- [The input]:
Segment Open
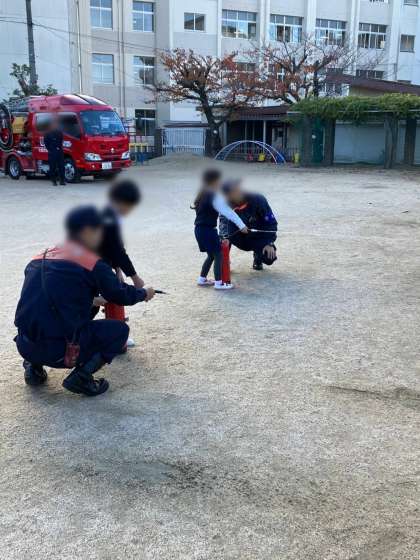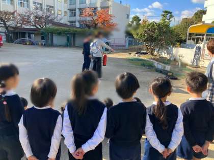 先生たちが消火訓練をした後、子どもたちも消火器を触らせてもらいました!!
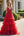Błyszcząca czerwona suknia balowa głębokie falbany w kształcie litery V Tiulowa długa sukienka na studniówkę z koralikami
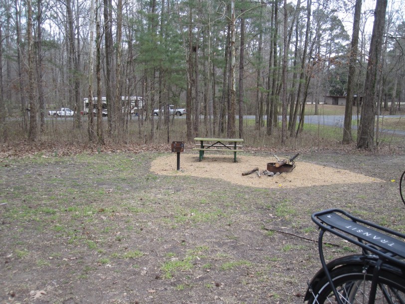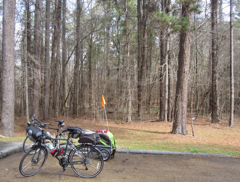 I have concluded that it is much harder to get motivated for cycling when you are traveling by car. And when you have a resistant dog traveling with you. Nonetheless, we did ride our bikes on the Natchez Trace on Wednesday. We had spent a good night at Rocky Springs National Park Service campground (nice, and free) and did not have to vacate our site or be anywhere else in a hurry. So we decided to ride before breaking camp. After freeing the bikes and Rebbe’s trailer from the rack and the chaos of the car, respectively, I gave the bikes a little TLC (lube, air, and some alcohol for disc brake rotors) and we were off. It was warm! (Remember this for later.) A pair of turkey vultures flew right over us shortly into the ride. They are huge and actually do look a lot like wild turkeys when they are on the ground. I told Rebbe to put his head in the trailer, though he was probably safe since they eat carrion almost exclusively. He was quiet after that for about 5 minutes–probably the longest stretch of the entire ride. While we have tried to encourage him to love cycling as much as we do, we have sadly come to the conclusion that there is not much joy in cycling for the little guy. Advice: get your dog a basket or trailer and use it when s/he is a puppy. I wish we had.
Segment Closed
Segment Open
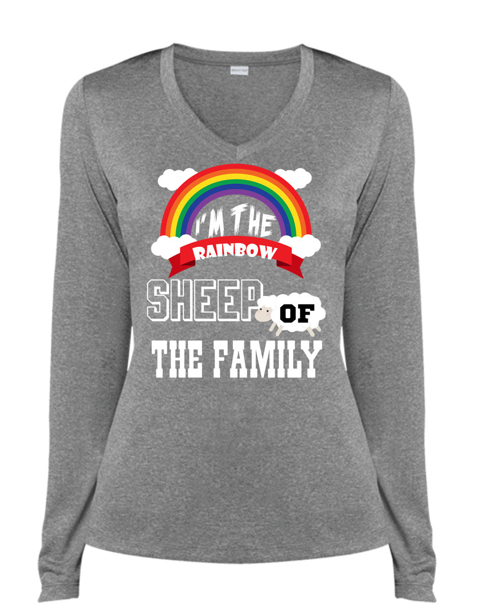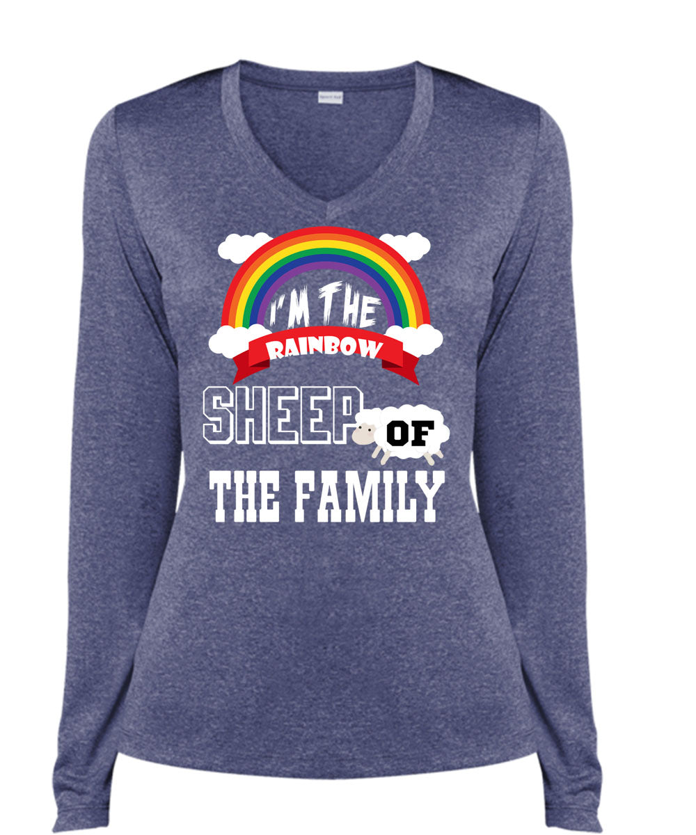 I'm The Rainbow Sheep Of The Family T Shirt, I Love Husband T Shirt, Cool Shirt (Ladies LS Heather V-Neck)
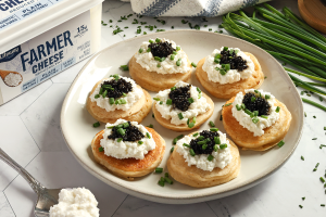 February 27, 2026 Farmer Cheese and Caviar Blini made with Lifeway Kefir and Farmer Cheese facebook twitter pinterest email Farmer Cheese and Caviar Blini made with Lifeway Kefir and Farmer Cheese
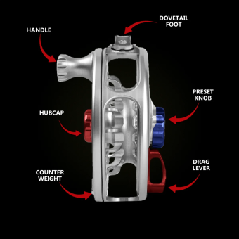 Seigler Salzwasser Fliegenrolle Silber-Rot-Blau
Segment Closed
Segment Open
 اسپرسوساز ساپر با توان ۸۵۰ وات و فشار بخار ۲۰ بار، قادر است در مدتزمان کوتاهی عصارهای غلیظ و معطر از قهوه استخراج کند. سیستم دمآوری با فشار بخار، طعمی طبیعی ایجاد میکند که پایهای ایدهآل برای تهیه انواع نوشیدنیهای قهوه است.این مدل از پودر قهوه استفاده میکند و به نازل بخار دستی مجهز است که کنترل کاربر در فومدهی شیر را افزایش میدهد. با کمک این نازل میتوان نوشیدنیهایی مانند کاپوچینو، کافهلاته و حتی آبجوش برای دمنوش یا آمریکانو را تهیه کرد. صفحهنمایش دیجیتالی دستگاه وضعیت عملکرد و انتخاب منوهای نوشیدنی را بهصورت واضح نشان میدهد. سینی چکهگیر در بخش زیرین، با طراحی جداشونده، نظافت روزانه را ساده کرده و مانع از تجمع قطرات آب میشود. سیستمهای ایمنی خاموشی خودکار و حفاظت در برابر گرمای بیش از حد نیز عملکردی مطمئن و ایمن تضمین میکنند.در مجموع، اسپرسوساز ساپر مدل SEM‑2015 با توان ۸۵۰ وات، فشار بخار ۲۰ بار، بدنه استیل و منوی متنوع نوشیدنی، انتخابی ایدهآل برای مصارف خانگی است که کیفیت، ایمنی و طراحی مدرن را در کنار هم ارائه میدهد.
Segment Closed
- [Problem to work on]: Look above for the line with "先生たちが消火訓練をした後、子どもたちも消火器を触らせてもらいました!!" and the line with "Błyszcząca czerwona suknia"; set down those two lines and all lines between them exactly, without pictures and without anything else.

- [Response]:
 先生たちが消火訓練をした後、子どもたちも消火器を触らせてもらいました!!
Błyszcząca czerwona suknia balowa głębokie falbany w kształcie litery V Tiulowa długa sukienka na studniówkę z koralikami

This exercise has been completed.